In the way digging a hole and burying something akin to nuclear waste beneath an old billboard welcoming folks to Beautiful Bonnie Bay, Minnesota was an accident. Oops, I tripped and fell into a purposeful purge. Maybe a black little tree of greed would grow up from the seed. The idea was both ridiculous and frightening.

“She told me not to leave it to you until you were older! I should have held on to it,” she wiped the sweat from her forehead, and resumed her agitated pacing from pot to oven.

“No, you shouldn’t have,” I whispered.

“What?” Pacing stopped. “What did you say?”

Her new direct approach was something I attributed to the magic of the hated object lying beneath three feet of dirt and unable to inflict its venom. It could’ve been that she was just really…really pissed. That was okay, because at least she was being honest.

“I said,” I turned wielding the starchy peeler like an accusing finger. “That you shouldn’t hold on to it. To any of it, Mom.”

“What do you mean by that?”

“She spent years holding all these ‘treasures’ over your head, just like her mother did to her and probably hers before…making sure you stayed in line if you wanted to inherit–”

“That’s not true!” she shouted.

“She poisoned you!” I blurted out into the room still ringing with the echo of her voice. “She poisoned you into believing all those things were your worth! That they were her love. And you had to earn them, and that she could take them away just like that!” The snap of my fingers startled her like a coma patient waking.

“I don’t… know what–” she sputtered and took hold of the counter with fingers clenching.

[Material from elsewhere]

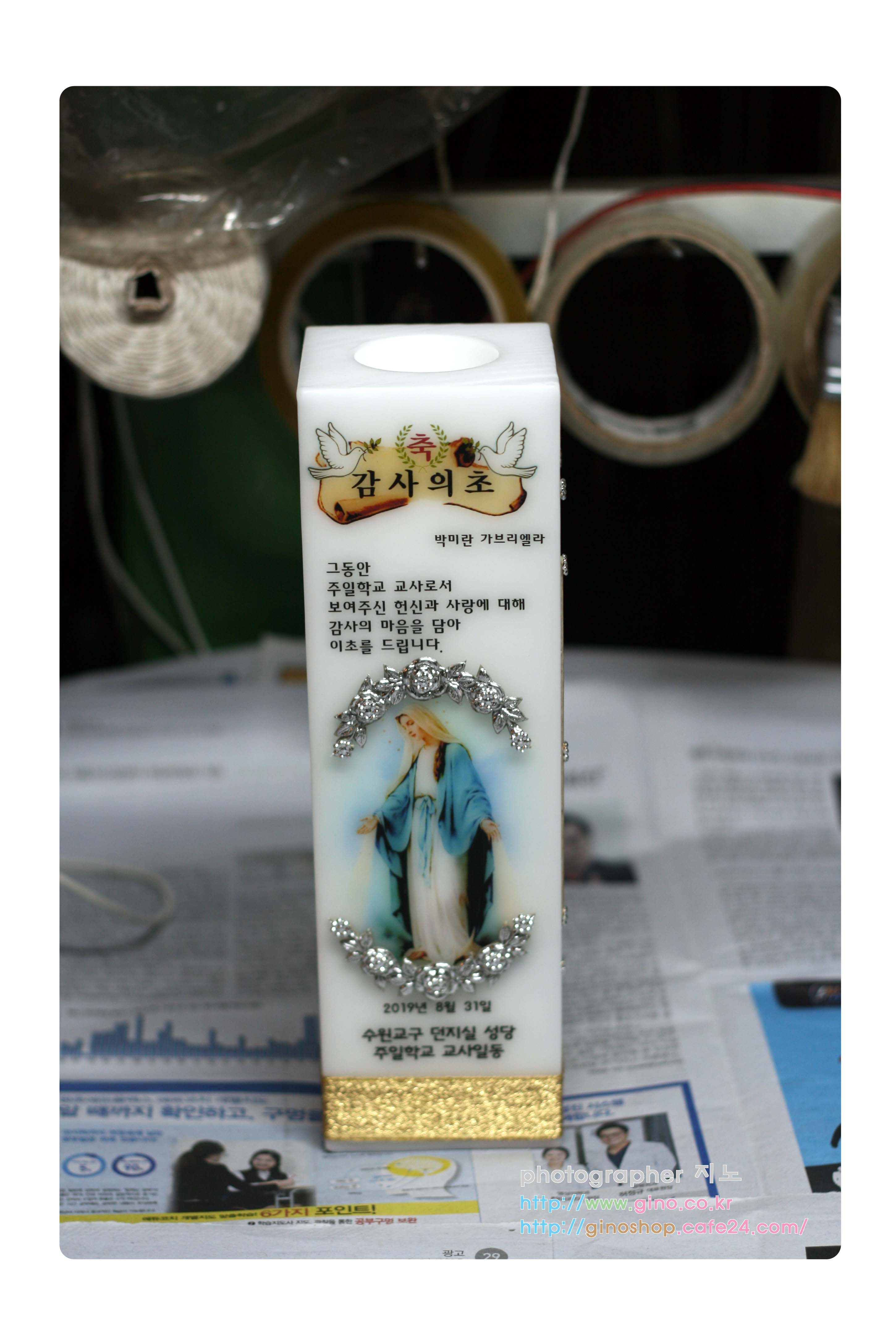 던지실성당 주일학교 교사일동에서 그동안 수고에 감사의 내용을 담아 주문 제작을 하신 캔들입니다.
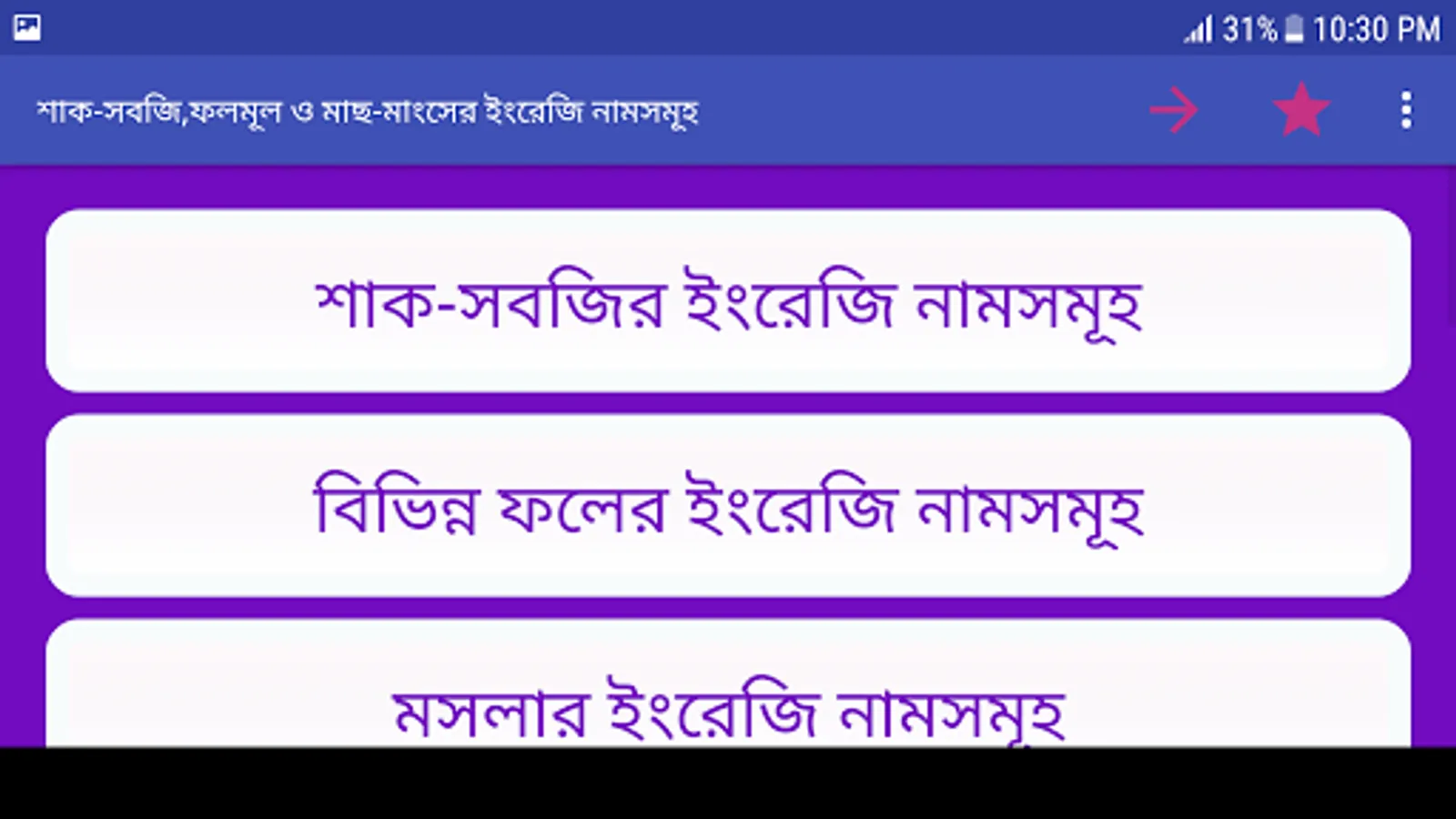 আমরা অনেকেই অনেক সহজ কিছুর ইংরেজি নাম জানি না। তাই এসব সাধারণ জিনিসের ইংরেজি নাম জানতে চাইলে আপনার জন্য রয়েছে আমাদের অ্যাপসটি।আপনাদের মতামত জানাতে ভুলবেন না। ভুল হলে ক্ষমা করবেন।

“You deserved loved from her. You deserved better! You are worth so much more than a broach, or a set of dishes, or a closetful of linens. And you’ll always have my love, no matter what you give me, even if it’s just the time you spend yelling at me over a piece of cut rock. I’ll love you! ‘N you never have to buy it, or earn it. It’s just there.”

It would have been customary for one or both of us to turn away or huff off to a different room where we’d place the grudge dutifully on our shoulders. But she came to stand beside me, facing out into the kitchen and catching her breath, slowing into calm.

I picked up the half-naked potato and finished his delicate undressing so he could join his skinny-dipping friends in the pot.

Mom sighed while her eyes closed out the room and her mind reread every cursive note attached to every object filling the boxes in the attic.

I leaned the warmth of my hip against hers and listened to the jangle of sharp metal over thick skin. Finding the white tenderness, separate from all the dirt, gave me appreciation for the rugged beauty of rooted things, and the glimmer of hope for a barren ground above the broach’s final resting place.

 

Homework

Oh, you’re in for it now.

Listen, sometimes I get down to the dirt of it all and give you the best writing advice I’ve got and all you have to do is sit back and absorb my witty information dumps.

But I’ve got a case of summer boredom and am itching for something different. Something a little more…interactive. So, today, instead of me expunging on the benefits of plot arcs and character development, or raking you through the coals of The Chicago Manual of Style, we’re gonna play.

I say “play”. You might say homework.

Pota-toe. Potaah-toe.

Here’s the rules. I’m going to give you a writing prompt. You send me your 200-1000 word result. It can be fiction, nonfiction, prose or in poetry form, written in chocolate pudding, or Latin (or in Latin, in chocolate pudding)…the possibilities are all before you.

I’ll choose a winner, send you a set of my signed novels, and feature your story on the blog with all the bragging rights that come along with it. Cool?

And because, I’d never ask you to do something that I wouldn’t do myself, I’ll be featuring my ‘homework’ on next week’s regular Tuesday blog.

So…you see, writers that suffer together…give each other awkward, virtual high fives afterwards? Drink heavily and question the purpose of their existence? I vote the first one.

Because I’m feeling generous, I’ll even give you two options to choose from.

 

Here’s your homework:

 

Write about something/one that got left behind by accident.

or

Write about something/one that got left behind on purpose.